* [Information provided]:
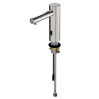 - F5E-Mix Bateria umywalkowa DN 15 z ukośną wylewką do montażu na zestawie armaturowym lub osobnym przyłączu ściennym, do umywalek. Sterowanie optoelektroniczne, uruchamianie poprzez zbliżenie dłoni do czujnika odbiciowego. Podłączenie do ciepłej i zimnej w
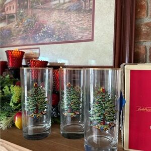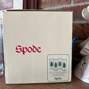 Vintage Spode Gold and Green Holiday Decor Set of 4 Highball Glasses 15oz
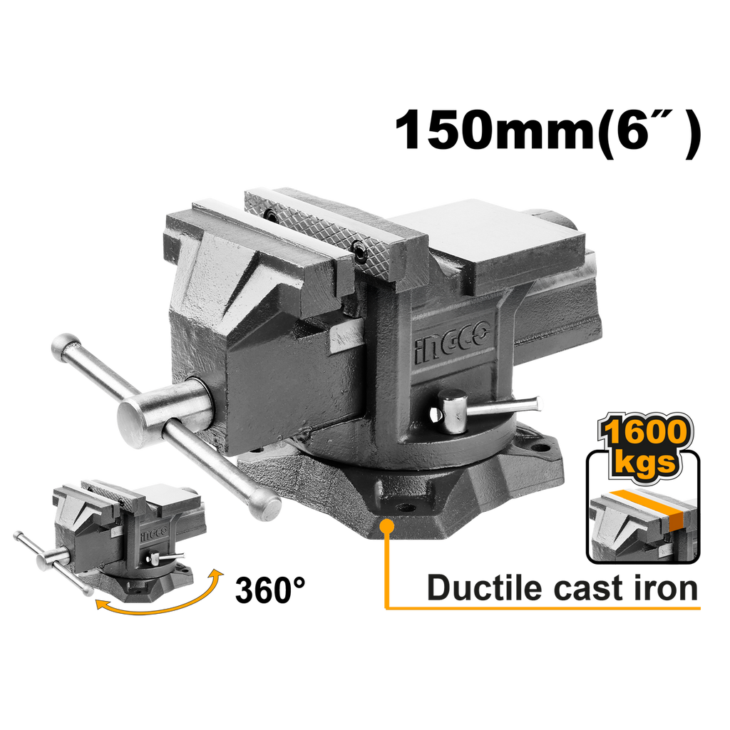 TÁTO OTOČNÁ SVORKA 150MM 6" INGCO je určená pre zámočnícke dielne, ako aj pre všeobecné mechanické a autoservisné práce. Vyrobená z vysoko kvalitnej liatiny, vybavená oceľovou nákovou.
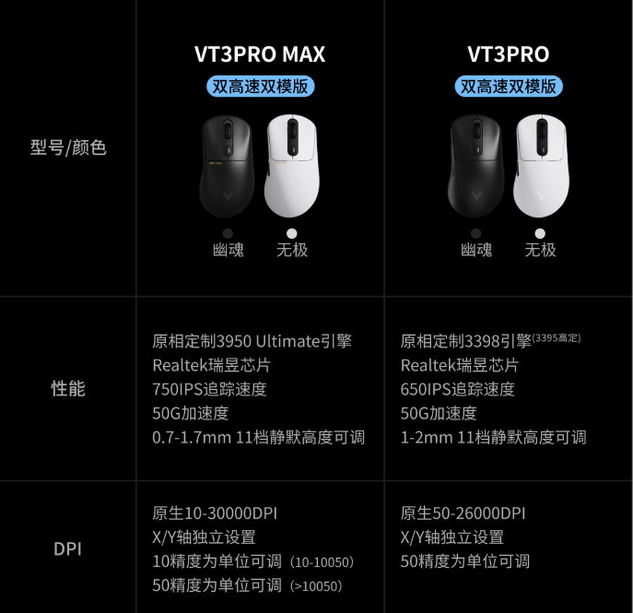 要说区别,它们的主要区别在于鼠标内部的配置。其中尤为明显的区别就是光学引擎不同。VT3PRO MAX采用的是全新的原相定制3950 Ultimate旗舰引擎。而VT3PRO采用的是原相3398引擎,产品定位是要低于VT3PRO MAX的。根据搭配不同的配置,厂家划分出了不同性能的鼠标型号,以便满足不同的细分市场。

* [Task details]:
Produce the full material again verbatim, with the pictures dropped.

* [Exercise response]:
 - F5E-Mix Bateria umywalkowa DN 15 z ukośną wylewką do montażu na zestawie armaturowym lub osobnym przyłączu ściennym, do umywalek. Sterowanie optoelektroniczne, uruchamianie poprzez zbliżenie dłoni do czujnika odbiciowego. Podłączenie do ciepłej i zimnej w
 Vintage Spode Gold and Green Holiday Decor Set of 4 Highball Glasses 15oz
 TÁTO OTOČNÁ SVORKA 150MM 6" INGCO je určená pre zámočnícke dielne, ako aj pre všeobecné mechanické a autoservisné práce. Vyrobená z vysoko kvalitnej liatiny, vybavená oceľovou nákovou.
 要说区别,它们的主要区别在于鼠标内部的配置。其中尤为明显的区别就是光学引擎不同。VT3PRO MAX采用的是全新的原相定制3950 Ultimate旗舰引擎。而VT3PRO采用的是原相3398引擎,产品定位是要低于VT3PRO MAX的。根据搭配不同的配置,厂家划分出了不同性能的鼠标型号,以便满足不同的细分市场。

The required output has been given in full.